Encouraged by the possibility of surgery, his family opposed it, especially his father. His mother began begging him not to undergo the surgery, saying she would accept a "homosexual daughter, but not one without any identity". The report on which his surgery depended, however, was denied by the psychiatrist, who was not convinced that transgender identity existed. On the suggestion of his doctor he sought another psychiatrist who issued a favorable opinion. The surgery took place in a clinic in São Paulo, performed clandestinely without a medical record. Hormone therapy began shortly afterward, but this surgery did not remove the uterus and ovaries, and the surgeon did not know who could perform it.

João became a test subject for treatments, since in Brazil at the time there were no protocols or studies regarding the effects of hormone therapy, and he became a major critic of the Brazilian health system because of its gaps and lack of assistance to transgender patients. It was an obstetrician and gynecologist known to the family who indicated a doctor willing to perform the remaining surgeries.

=== Final years and death ===
João became an activist for LGBT rights, especially for the transgender population. A bill by deputies Jean Wyllys and Erika Kokay bears his name. Based on Argentina's Gender Identity Law, the proposal guarantees the right to recognition of gender identity for all transgender people in Brazil, without the need for judicial authorization, medical or psychological reports, surgeries or hormone therapies.

In August 2017 João discovered he had lung cancer. A smoker since the age of 15, he underwent chemotherapy. In September 2018 Nery revealed on social media that the cancer had reached the brain, and he died in Niterói on 26 October 2018 at the age of 68.

== Legacy ==
His book Viagem Solitária – Memórias de um Transexual 30 Anos Depois recounts his journey discovering transsexuality, the treatments and the acceptance of friends and family. The book served as inspiration for the character Ivan in the telenovela A Força do Querer, written by Glória Perez and broadcast on TV Globo in 2017.

Nery's trajectory earned him a book in his honor entitled Estudos sobre gênero: identidades, discurso e educação – homenagem a João W. Nery, compiled by university professors Jesus, Carbonieri and Nigro, presenting several trans authors in its chapters and discussing identity and discourse theories in education.

In 2024 the Federal Council of Psychology created the João W. Nery Award: "Práticas de Promoção de Cuidado, Respeito e Dignidade das Pessoas Trans" to recognize and reward psychology professionals who stand out in supporting trans people, promoting inclusion and carrying out work that contributes to building a more just and equal society for the community. It is a way of valuing the work of psychologists who act in accordance with the principles of the CFP and contribute to creating a more inclusive and welcoming environment for the trans community.
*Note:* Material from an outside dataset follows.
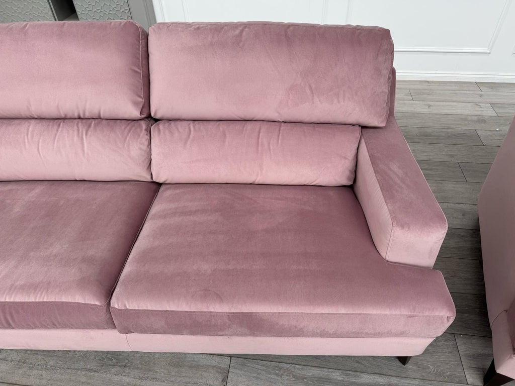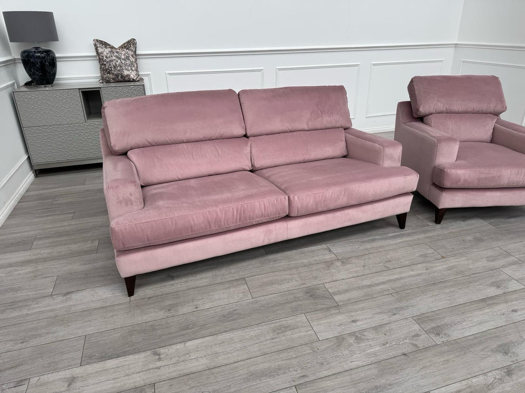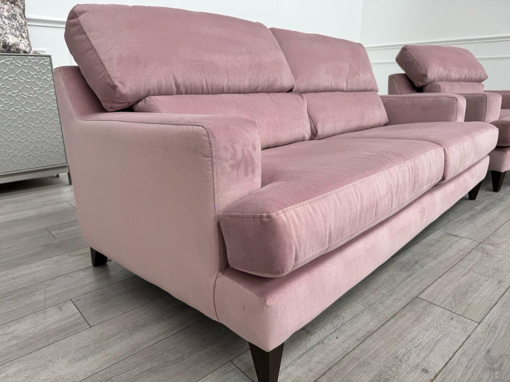 Furniture Village Lounge Co Romilly 3 Seater + Armchair Sofa Set Pink Velvet

A bill by congressman Jean Wyllys and congresswoman Erika Kokay bears his name. Based on the Argentine Identity and Gender Law, the project guarantees the right to recognize the gender identity of all transgender people in Brazil, without the need for judicial authorization, medical or psychological reports, surgery or hormone treatment.

== Bibliography ==
- Erro de pessoa: Joana ou João?, Rio de Janeiro, Editora Record, 1984.
- Viagem solitária: memórias de um transexual 30 anos depois, São Paulo, Leya Brasil, 2012.
- Vidas trans: a coragem de existir (together with Amara Moira, Márcia Rocha, and T. Brant), Bauru, Leya Brasil, 2017.
  - Vidas Trans: A luta de transgêneros brasileiros em busca de seu espaço social. Astral Cultural. 2022. New Edition.
- Velhice transviada: Memórias e reflexões, Objetiva, 2019. Posthumous publication.